23 de Abril
Ya ha pasado la semana del día
del libro. Que placer inefable proporciona la lectura, no me digan. Equiparable
a muy pocas cosas en la vida. Y, a pesar de todo lo vertido a los medios por la
gente que noblemente conforma dicho gremio en estos días en que los libros han
estado tan presentes, que placer más barato. Si una persona cualquiera fuese
preguntada por sus vicios, y en un alarde de ingenuidad respondiese que su
único vicio es la cultura, como con cierta petulancia sería mi caso, por
cierto, habría que referir en la respuesta que, además de la notable aportación
nutritiva para su espíritu, dicha persona estaría cuidando, mimando e incluso salvaguardando
la integridad de sus probablemente precarios bolsillos. Si entendemos la
cultura, aunque hoy día abarcaría seguramente más campos, como lo relativo a la
música, al cine, a la literatura o, en líneas generales, al arte, cabría
asegurar que no hay nada más barato. Salvo quizá la contemplación de ese
espectáculo al que denominamos naturaleza a través de esos mediocres e
imperfectos intermediarios que son nuestros sentidos, claro. Desde un punto de
vista estrictamente proporcional o matemático, pues, nada nos proporciona tanto
por tan poco. Leer engorda, que duda cabe, nuestro vocabulario. Lo hace más
rico en adjetivos, aliño imprescindible de nuestra salsa comunicativa. Mejora
la forma de transmitir aquello que tantas veces alberga nuestra cabecita de un
modo caótico, incoherente, asaz desordenado. Nos hace más conscientes de cuanto
nos rodea, y si la fortuna acompaña, incluso de quienes nos rodean. Añadiendo
un punto de coquetería, es posible que hasta nos haga más interesantes. Y que
al escucharnos relatar cualquier anécdota, por vacua, estéril u obvia que sea,
se consiga despertar el interés del modesto auditorio que en su momento nos
haga compañía. Leer nos vuelve personas
más educadas. Alguien educado no es un señor que ostente la condición de
catedrático, que increíblemente no domine su campo de saber, que sea arisco,
soberbio, y carezca de toda gracia en cuerpo y alma, y que en un intento por
marcar distancia cultural con sus alumnos de primer año les pregunte
solemnemente si les importaría que se quitase la chaqueta. No. Lo que acabo de describir
no es un señor culto, educado, respetuoso y respetable. Lo que acabo de
describir se ciñe más a la brillante definición que Unamuno nos dejó del
pedante, esto es, a un tonto estropeado por el conocimiento. Y en el caso
concreto al que me he referido, dado que por pudor y elegancia he omitido al
protagonista, un tonto sin remedio. Leer nos aporta y hace que aportemos.

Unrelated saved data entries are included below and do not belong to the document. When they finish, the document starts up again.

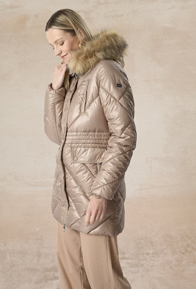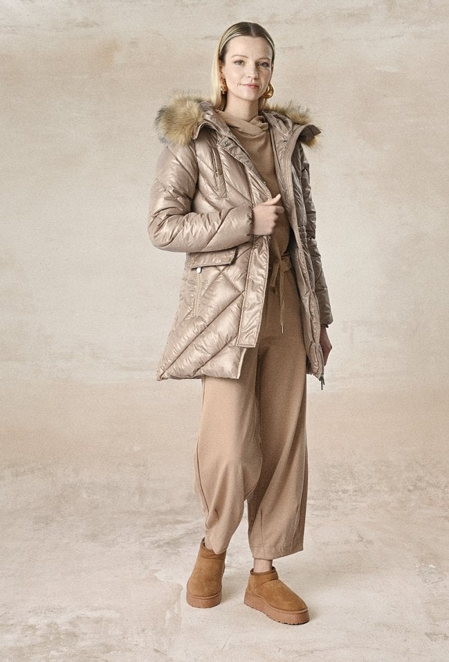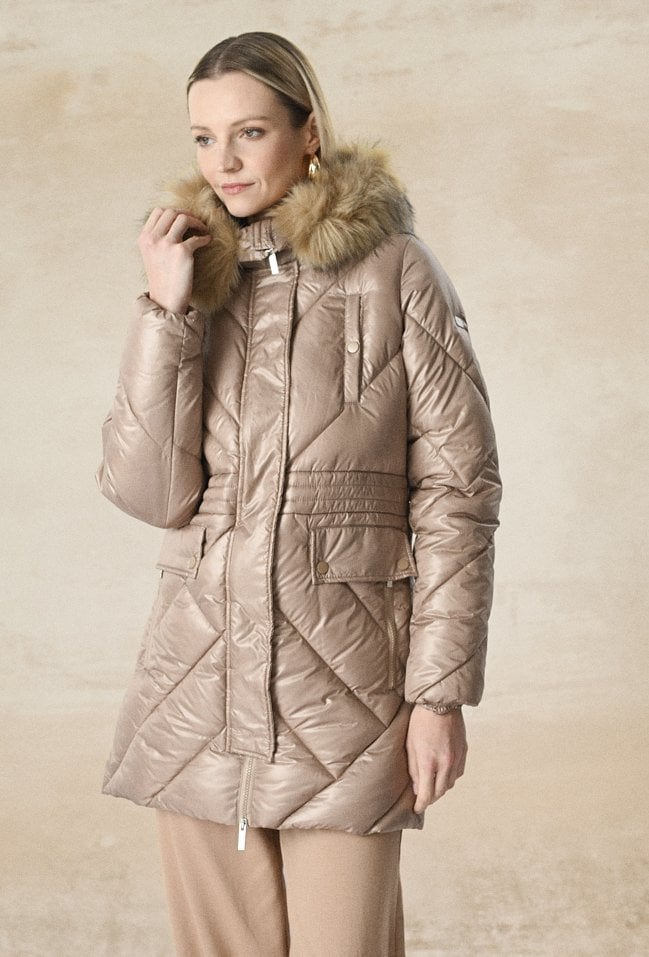 Beżowa pikowana kurtka to bardzo dobry wybór na jesienne i zimowe chłody. To niezwykle wygodny i kobiecy krój. Kurka zapinana jest na zamek i zatrzaski. Ma smukły kaptur z futerkiem, który rozłożycie układa się na kurtce, dwie boczne kieszenie. Modelka na zdjęciu ma 175 cm wzrostu i prezentuje rozmiar 36.
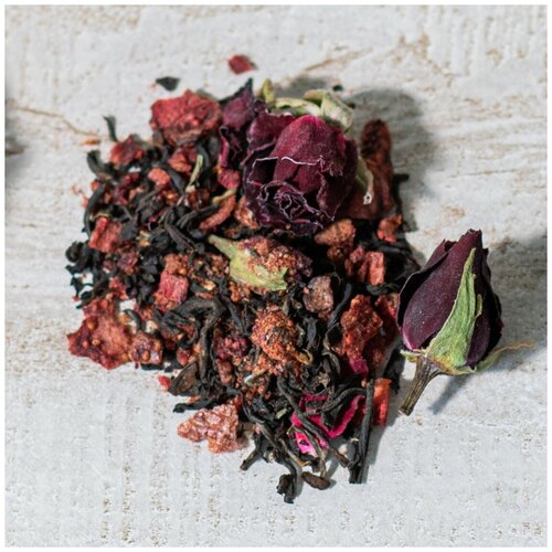 Черный чай без ароматизаторов "Клубника-роза", упаковка 100 гр.
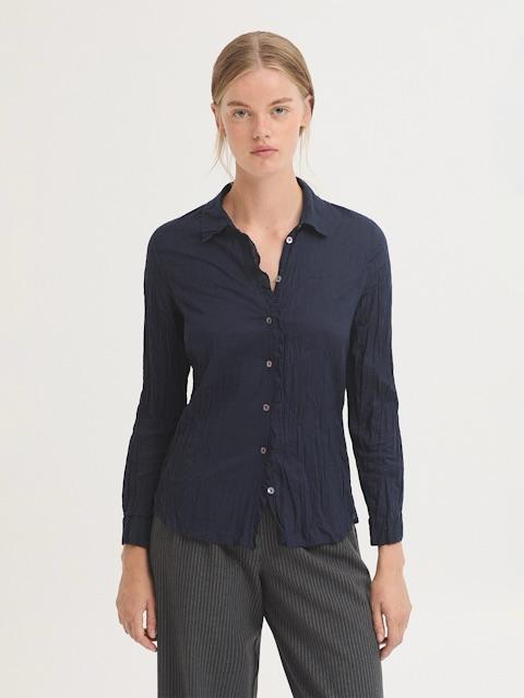 Camicia in cotone stropicciato con piccolo collo e chiusa con piccoli bottoni in madreperla
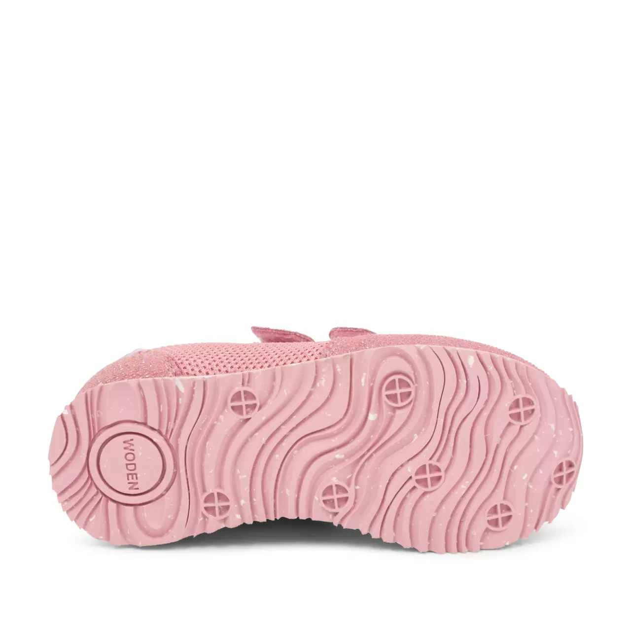 Elegant børnesneaker med glitter og detaljer i fiskeskind. Udført i åndbart kalveskindslæder, med justerbare velcrostropper og fast hælkappe som sikrer optimal komfort og støtte. Alle børnesneakers fra WODEN KIDS har FIFTY: En indersideforstærkning som består af min. 50% genbrugspolyster fra plastiskflasker. Udtagelig indlægssål i naturligt stødabsorberende kork med aftegning af voksetillæg samt ydersål i naturgummi blandet med min. 10% genbrugsgummi samt alm. gummi.
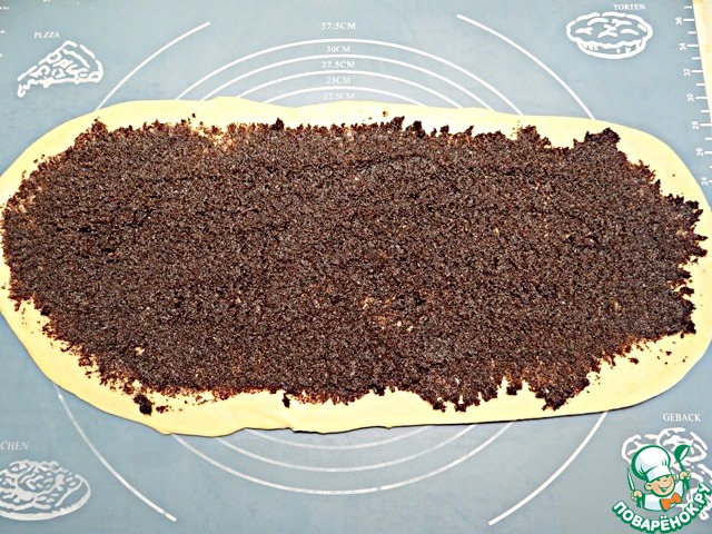 Белое тесто делю на 2 равные части, одну часть раскатываю так же, как и коричневое тесто, распределяю по тесту готовую маковую начинку, чуть отступая от краев. Тесто плотно сворачиваю в рулет.
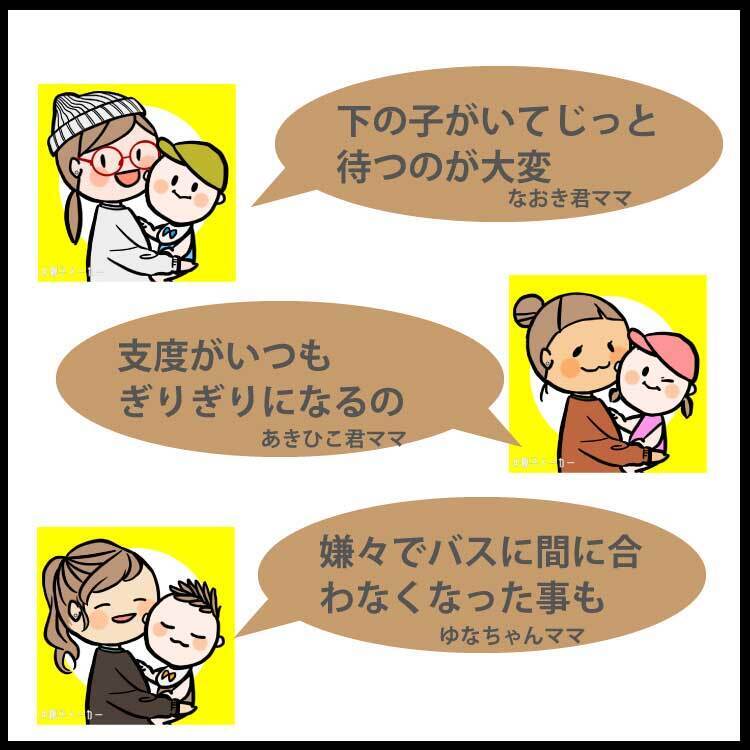 皆も私と同じように、バスは楽だけど、小さい子をじっと道路で待たせるのは結構大変と感じているんだなと思いました。
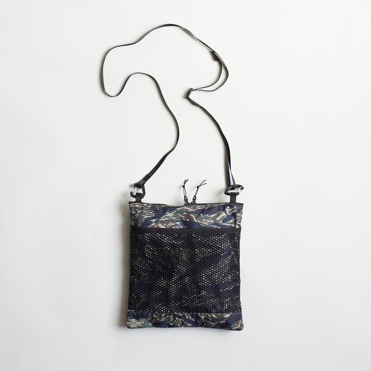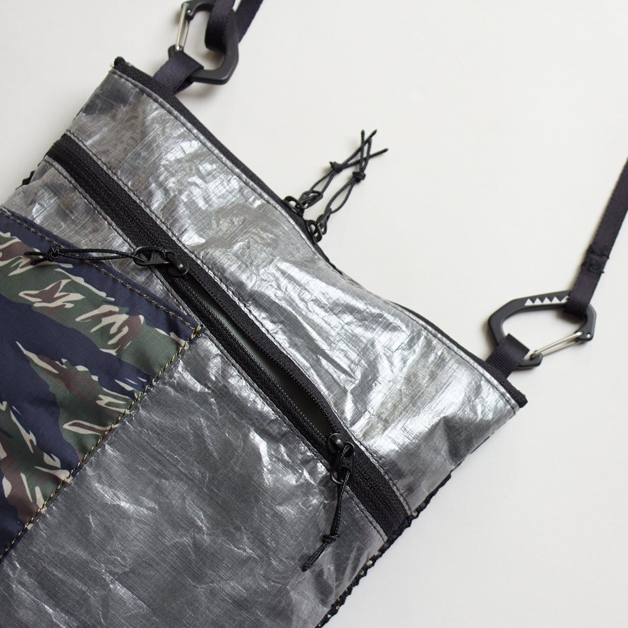 カモ柄を組み合わせたデザインが特徴的な軽量サコッシュ。
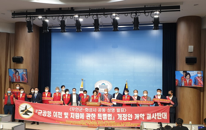 [로컬세계 고용주 기자]경기 화성시 국회의원 송옥주(갑), 이원욱(을) 및 전남 무안·영암·신안 국회의원 서삼석과 화성시의회 수원군공항화성이전반대 특별위원회(이하 화성시의회 군공항특위), 무안군의회 광주군공항무안이전반대 특별위원회(무안군의회 군공항특위), 수원전투비행장 화성이전 반대 범시민대책위원회(화성 범대위), 광주전투비행장 무안이전 반대 범군민대책위원회(무안 범대위), 화성시 새마을회‧통리장단협의회‧주민자치회‧경기남부수협어촌계장협의회‧화성환경운동연합 등은 8일 오전 11시 국회 소통관에서 ‘군공항 이전 및 지원에 관한 특별법 개정안’ 철회를 촉구하는 공동 성명서를 발표했다.
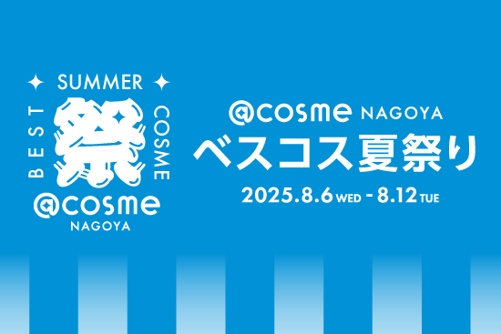 株式会社アイスタイル(代表取締役社長:遠藤 宗)は、8月6日(水)~8月12日(火)の間、今年6月19日(木)にグランドオープンしたばかりのフラッグシップショップ「@cosme NAGOYA」にて、6月11日(水)に発表した「@cosmeベストコスメアワード2025上半期新作ベストコスメ」受賞商品を体験できるポップアップイベント「@cosme NAGOYA ベスコス夏祭り」が開催中であることをお知らせいたします。
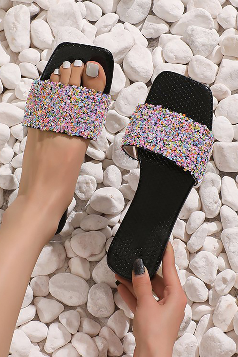 Rainbow Sequin Decor Slip On Square Toe Casual Slippers
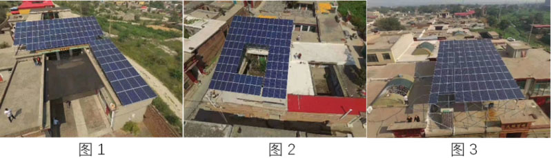 圖1中:南北兩個屋頂,南側(cè)的屋頂組件安裝角度小一些,目測約15°左右,北側(cè)的屋頂組件安裝角度明顯大很多,約35°左右。

Provoca que seamos personas más comprometidas con la sociedad a la que
pertenecemos, personas más interesadas en su evolución y en la resolución de
los problemas que la aquejan. Que ojeemos y hojeemos periódicos. Que nos
sorprenda la caradura de nuestros políticos. Que sonriamos ante la caída de los
ídolos, aquellos que, a decir de Flaubert, conviene no tocarlos, pues siempre
hay algo de su dorado polvo que se queda en nuestros dedos. Leer, en fin, nos convierte
en seres adultos, en su sentido más completo y abstruso. En el de ciudadano
plenamente integrado en la sociedad que le ha visto crecer y formarse. Leer, y
todo lo que ello conlleva, es un
privilegio al alcance de todos, desdeñado por muchos, y anhelado por muy pocos.
La necia sociedad que confunde valor y precio, no rinde cortés pleitesía salvo
a lo aparente, encumbrando lo superfluo y vilipendiando lo absolutamente
necesario. Hay que leer, aunque solo sea por cambiar esta verdad inalterada por
el tiempo e imperturbable a las circunstancias.